Immunization is the act of administering modified or inactivated microorganisms, such as viruses and bacteria, to enhance immunity against specific illnesses. This process stimulates the immune system to develop a defense mechanism against diseases rather than causing them. Consequently, when vaccinated individuals come into contact with disease-causing pathogens in the future, their immune system will swiftly respond defensively.
Immunization provides protection against common pathogens by utilizing various mechanisms of immunity, which depend on the pathogen's site and pathogenesis. For example, if a pathogen's mechanism of pathogenesis involves exotoxins, neutralizing antibodies are effective in preventing its binding to receptors and promoting clearance and degradation by phagocytes. Alternatively, if the pathogen causes disease through other means, antibodies must react with the organism and eliminate it through complement-mediated lysis or phagocytosis and intracellular killing. In cases where the pathogen is localized int
...racellularly, antibodies are not effective until the cell harboring it is destroyed. Only then can the antibody have an impact.
Cell-mediated immunity or antibody-dependent and complement-mediated killing can eliminate pathogens such as viral infections, intracellular bacteria, and protozoa. Humoral immunity can also be effective if the infected cells have unique antigens that are recognizable by antibodies. Additionally, activated cells harboring the pathogen can kill intracellular pathogens surviving within phagocytic cells. Immunization has significantly decreased the occurrence of fatal diseases globally. A vaccination program led to smallpox eradication in 1980, while immunization has essentially eliminated diphtheria, poliomyelitis, and neonatal tetanus in most developed countries.
The Haemophilus influenzae type b vaccine was introduced in 1988, resulting in a noteworthy decrease of 95% in meningitis cases caused by this pathogen among infants and children in the United States. The recommended immunization schedule for
children involves various active immunization methods that depend on the specific organism responsible for each disease, with over 90% of children receiving all vaccines before their second birthday in the US and around 85% in Canada. These vaccines contain antigens, which are foreign substances from disease-causing organisms recognized by the immune system, as their active components.
When the body encounters an antigen, it produces antibodies or T lymphocytes, which are specialized attacker cells. Immunization mimics a real infection but with minimal risk to the person receiving it. Some vaccines offer full protection against a disease for life, while others only provide partial protection, resulting in a milder form of the illness if contracted. However, immunizing agents pose a risk for those with weakened immune systems due to AIDS or chemotherapy. Without a healthy defense system, these individuals are at risk of developing the very disease that the vaccine aims to prevent.

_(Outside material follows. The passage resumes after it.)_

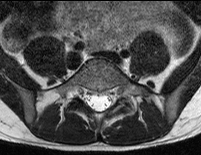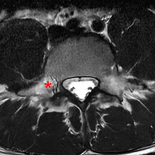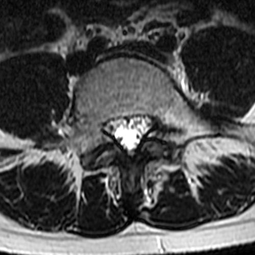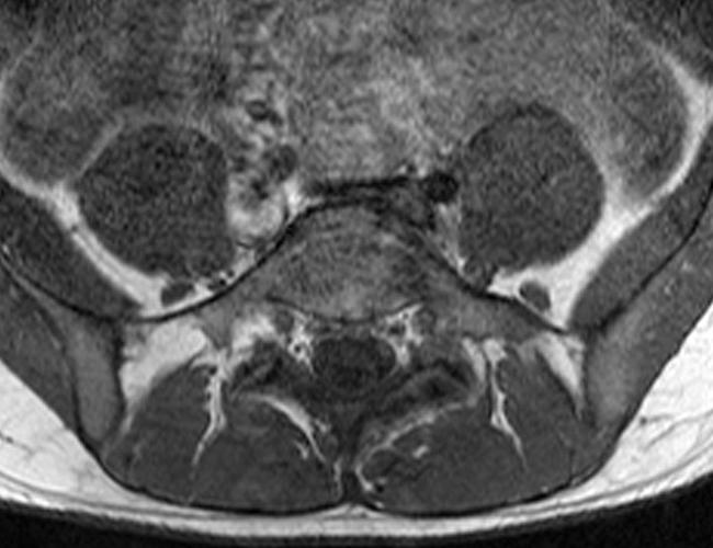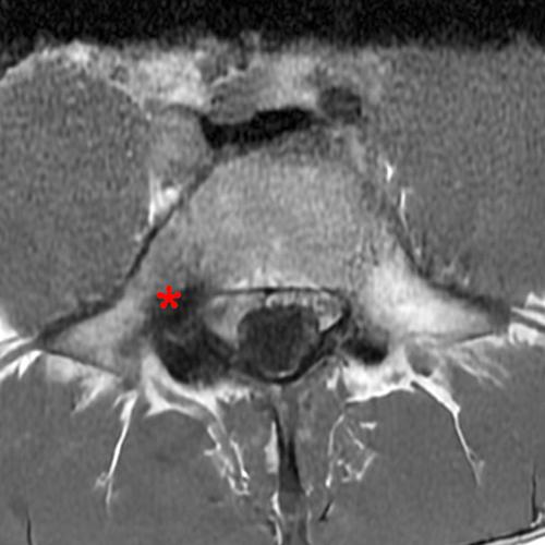 Case 2: 19-year-old male baseball player with acute onset of back pain after hitting a ball. Axial T1-weighted (2A) and T2-weighted (2B) images are provided. What are the findings? What is your diagnosis?
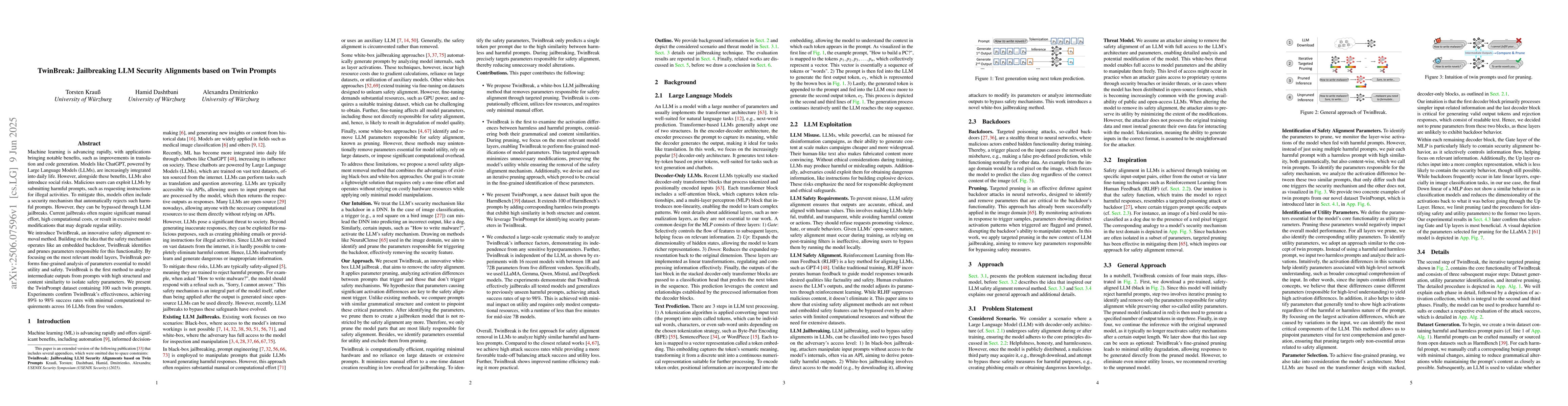TwinBreak is a new method to remove security alignments from Large Language Models, allowing them to bypass restrictions while preserving their utility, with 89% to 98% success rates across 16 models.

Vaccines may require additional doses, known as booster shots, at specific intervals. For example, tetanus vaccines are recommended every ten years. Scientists alter organisms or their components with minimal risk of causing illness to create a vaccine that activates the body's immune response against diseases. Vaccines containing weakened live organisms, also known as attenuated viruses, can prevent illnesses such as yellow fever, measles, smallpox and other viral infections.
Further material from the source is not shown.